> Exercise aim
The finished copy must match the records exactly, except that it contains no pictures.
___ Material shown ___
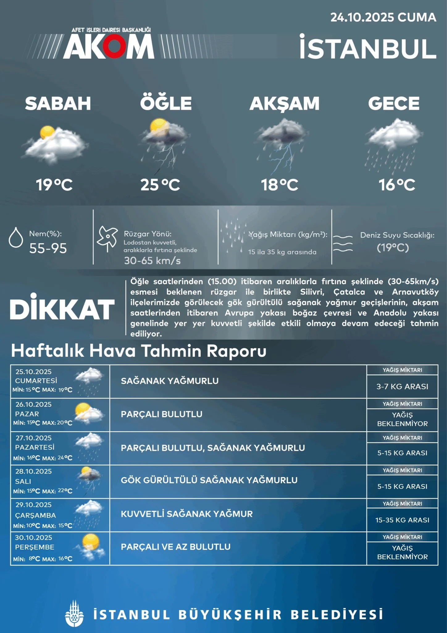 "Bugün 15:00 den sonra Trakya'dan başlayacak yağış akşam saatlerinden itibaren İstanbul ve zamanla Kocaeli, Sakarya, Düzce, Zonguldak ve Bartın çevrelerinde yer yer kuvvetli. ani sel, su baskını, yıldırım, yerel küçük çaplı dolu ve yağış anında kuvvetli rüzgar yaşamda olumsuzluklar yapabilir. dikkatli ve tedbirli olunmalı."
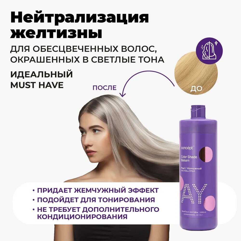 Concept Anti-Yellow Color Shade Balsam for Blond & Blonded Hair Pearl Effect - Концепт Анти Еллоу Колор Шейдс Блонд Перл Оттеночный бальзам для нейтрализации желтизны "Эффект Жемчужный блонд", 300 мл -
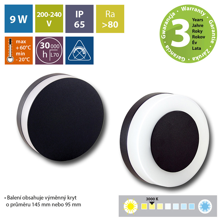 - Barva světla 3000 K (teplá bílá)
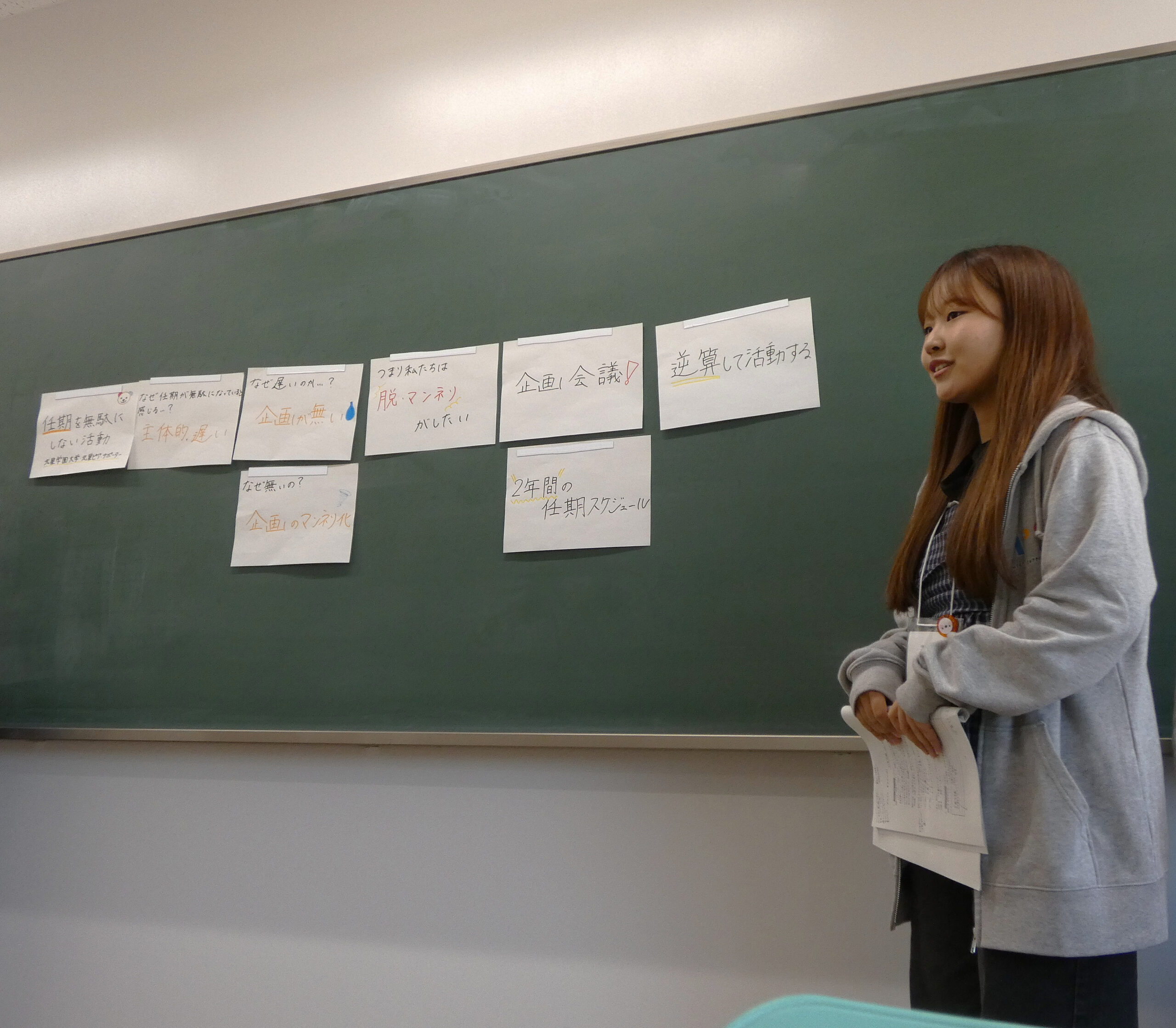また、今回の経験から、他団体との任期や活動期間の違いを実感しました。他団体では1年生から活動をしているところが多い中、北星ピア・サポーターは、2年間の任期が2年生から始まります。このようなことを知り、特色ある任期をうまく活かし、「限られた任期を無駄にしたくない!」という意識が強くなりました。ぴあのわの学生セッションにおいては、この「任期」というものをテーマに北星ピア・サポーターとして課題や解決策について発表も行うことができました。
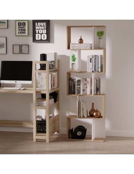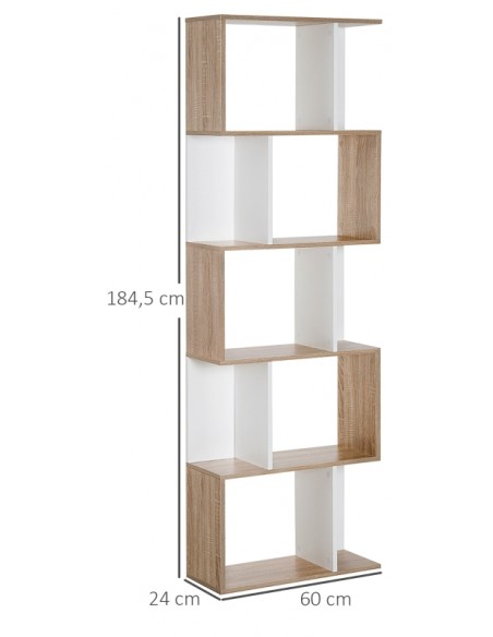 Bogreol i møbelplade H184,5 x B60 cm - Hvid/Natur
___
> Answer
 "Bugün 15:00 den sonra Trakya'dan başlayacak yağış akşam saatlerinden itibaren İstanbul ve zamanla Kocaeli, Sakarya, Düzce, Zonguldak ve Bartın çevrelerinde yer yer kuvvetli. ani sel, su baskını, yıldırım, yerel küçük çaplı dolu ve yağış anında kuvvetli rüzgar yaşamda olumsuzluklar yapabilir. dikkatli ve tedbirli olunmalı."
 Concept Anti-Yellow Color Shade Balsam for Blond & Blonded Hair Pearl Effect - Концепт Анти Еллоу Колор Шейдс Блонд Перл Оттеночный бальзам для нейтрализации желтизны "Эффект Жемчужный блонд", 300 мл -
 - Barva světla 3000 K (teplá bílá)
また、今回の経験から、他団体との任期や活動期間の違いを実感しました。他団体では1年生から活動をしているところが多い中、北星ピア・サポーターは、2年間の任期が2年生から始まります。このようなことを知り、特色ある任期をうまく活かし、「限られた任期を無駄にしたくない!」という意識が強くなりました。ぴあのわの学生セッションにおいては、この「任期」というものをテーマに北星ピア・サポーターとして課題や解決策について発表も行うことができました。
 Bogreol i møbelplade H184,5 x B60 cm - Hvid/Natur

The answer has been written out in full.